In this study, a new approach for estimating rooted ultrametric, non-fully bifurcating phylogenetic trees is anticipated. The premise here is that the widely used ultrametric trees do not describe exactly the state of matter (Balaban et al., 2019) since they favour the description of the differences between population/species, instead of their similarities. In turn, our novel NUPT approach considers the clustering of populations/species instead of their distinctions. Starting from two overlapping sets with a few features in common, a coalescent model of phylogenetic tree can be built that is characterized by converging branches. The paper is concerned with the problem of introgression between two species. As such, we aim to provide a novel method to overcome the issue that distances used for reconstructing the evolutionary past between species need not be ultrametric. In particular, a simple procedure to build non-ultrametric phylogenetic trees is proposed to calculate the hypothetical date of interbreeding among different populations/species.

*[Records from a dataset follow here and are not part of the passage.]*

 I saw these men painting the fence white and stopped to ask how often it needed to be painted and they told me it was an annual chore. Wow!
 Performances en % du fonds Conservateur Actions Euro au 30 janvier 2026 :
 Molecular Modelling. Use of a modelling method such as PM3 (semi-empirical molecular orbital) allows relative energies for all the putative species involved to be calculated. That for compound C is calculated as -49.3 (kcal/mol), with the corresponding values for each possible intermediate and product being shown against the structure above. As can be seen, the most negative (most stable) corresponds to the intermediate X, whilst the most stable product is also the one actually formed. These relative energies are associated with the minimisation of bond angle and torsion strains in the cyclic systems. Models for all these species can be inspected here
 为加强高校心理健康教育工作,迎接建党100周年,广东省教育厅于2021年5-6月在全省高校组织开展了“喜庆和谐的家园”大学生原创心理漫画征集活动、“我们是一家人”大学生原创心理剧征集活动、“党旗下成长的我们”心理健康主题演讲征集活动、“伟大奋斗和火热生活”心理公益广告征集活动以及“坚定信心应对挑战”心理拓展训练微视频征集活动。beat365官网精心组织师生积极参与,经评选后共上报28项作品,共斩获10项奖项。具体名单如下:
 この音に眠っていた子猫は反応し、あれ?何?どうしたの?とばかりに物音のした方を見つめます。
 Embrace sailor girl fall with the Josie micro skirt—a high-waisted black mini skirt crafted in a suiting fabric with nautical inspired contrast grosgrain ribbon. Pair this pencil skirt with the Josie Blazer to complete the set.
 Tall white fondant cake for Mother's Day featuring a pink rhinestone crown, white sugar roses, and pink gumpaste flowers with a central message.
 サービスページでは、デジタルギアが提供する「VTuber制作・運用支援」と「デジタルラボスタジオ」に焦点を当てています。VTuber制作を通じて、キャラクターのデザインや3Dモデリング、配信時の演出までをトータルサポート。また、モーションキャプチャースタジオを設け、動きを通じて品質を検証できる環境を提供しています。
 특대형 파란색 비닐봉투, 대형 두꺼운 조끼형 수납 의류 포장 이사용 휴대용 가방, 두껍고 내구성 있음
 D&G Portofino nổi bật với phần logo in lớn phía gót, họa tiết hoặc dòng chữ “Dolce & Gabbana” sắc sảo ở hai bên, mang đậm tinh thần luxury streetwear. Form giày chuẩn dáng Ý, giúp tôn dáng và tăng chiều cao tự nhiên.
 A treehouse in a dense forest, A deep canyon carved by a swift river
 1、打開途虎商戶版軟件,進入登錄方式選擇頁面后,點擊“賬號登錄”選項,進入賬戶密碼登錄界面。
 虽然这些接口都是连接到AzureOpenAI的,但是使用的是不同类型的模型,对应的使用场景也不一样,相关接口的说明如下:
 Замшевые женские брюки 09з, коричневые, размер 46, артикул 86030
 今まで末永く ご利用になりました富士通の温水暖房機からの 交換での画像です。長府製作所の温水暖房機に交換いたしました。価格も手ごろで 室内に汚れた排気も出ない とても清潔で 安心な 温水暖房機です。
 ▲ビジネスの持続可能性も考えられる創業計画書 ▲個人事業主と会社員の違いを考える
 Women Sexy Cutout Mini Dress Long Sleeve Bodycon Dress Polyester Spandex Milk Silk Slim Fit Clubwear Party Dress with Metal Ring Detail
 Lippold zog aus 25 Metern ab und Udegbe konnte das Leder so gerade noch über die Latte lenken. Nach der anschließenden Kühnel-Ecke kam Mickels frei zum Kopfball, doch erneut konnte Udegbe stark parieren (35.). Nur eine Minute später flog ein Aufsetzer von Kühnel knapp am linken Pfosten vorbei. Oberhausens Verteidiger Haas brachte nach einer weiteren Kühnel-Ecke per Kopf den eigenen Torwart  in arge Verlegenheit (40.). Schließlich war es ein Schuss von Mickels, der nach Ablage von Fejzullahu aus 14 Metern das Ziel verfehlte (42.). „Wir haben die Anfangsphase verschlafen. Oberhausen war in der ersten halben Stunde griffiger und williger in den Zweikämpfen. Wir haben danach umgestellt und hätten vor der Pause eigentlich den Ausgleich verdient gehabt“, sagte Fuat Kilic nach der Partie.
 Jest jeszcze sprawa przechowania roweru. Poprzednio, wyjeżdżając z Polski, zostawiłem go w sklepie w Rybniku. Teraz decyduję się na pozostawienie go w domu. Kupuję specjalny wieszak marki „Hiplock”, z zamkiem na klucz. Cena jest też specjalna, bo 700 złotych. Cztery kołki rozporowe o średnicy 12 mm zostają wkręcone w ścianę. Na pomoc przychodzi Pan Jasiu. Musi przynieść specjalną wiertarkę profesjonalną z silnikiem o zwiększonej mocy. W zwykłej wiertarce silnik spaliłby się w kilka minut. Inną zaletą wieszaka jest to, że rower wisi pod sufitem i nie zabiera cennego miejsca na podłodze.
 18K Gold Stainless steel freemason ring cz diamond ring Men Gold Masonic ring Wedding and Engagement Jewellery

In this paper, we focus on the instance of Neanderthal’s DNA introgression in modern non-African humans. Nevertheless, the novel procedure can be generalized to all the cases of genetic recombination between populations/species, ranging from introgression to hybridization, from reticulation to repeated lineage splitting and lineage fusion, i.e. the complete merging of two or more populations resulting in a single panmictic group (Pickrell and Pritchard, 2012; Garrick et al., 2014; Hunley et al., 2016; Garrick et al., 2020). NUPT allows the prediction of the branching date between two populations/species when the amount of genetic material’s introgression is known. This could be useful for the assessment of far-flung issues, such as interbreeding of wild and domestic animal populations, creation and fitness of new artificial varieties of hybrid plants and the study of the evolution of SARS-Cov-2 after the conjectured split of common coronavirus ancestors from bat and pangolin strains (Touati et al., 2020).

NUPT has limitations. The use of sequence divergence to date the nodes in non-ultrametric trees of different hominins groups (see Prüfer et al., 2017) is complicated by mixture among lineages. When the novel population is the product of merging between groups that have been evolving independently for a while, phylogenetic trees will sample sequences from both lineages and will make the population resemble, without corrections for admixture, the root state more than it would if it had continued evolving at a rate proportional to time.

Furthermore, the NUPT assumption cannot be fully consistent in two cases:

  1. 1)

    When the conversion of ancestral variation among-group is achieved via random genetic drift occurring at different rates.

  2. 2)

    When sequences that were polymorphic in the ancestral population subsequently segregate in the two branched lineages and in the admixed population.

Nevertheless, leaving apart the abovementioned limitations, NUPT leads to intriguing theoretical consequences. The hot disputes between the Out-Of-Africa and multiregional evolution models of human evolution in the Pleistocene (Wolpoff et al., 2000; Bräuer et al., 2004; Groucutt et al., 2015; Montinaro et al., 2021) can be tackled in terms of ancient populations, instead of species. These populations are able to diverge, converge and clustering in a worldwide network of genic exchanges that leads to “modern humans”, i.e. individuals characterized by local genetic differences.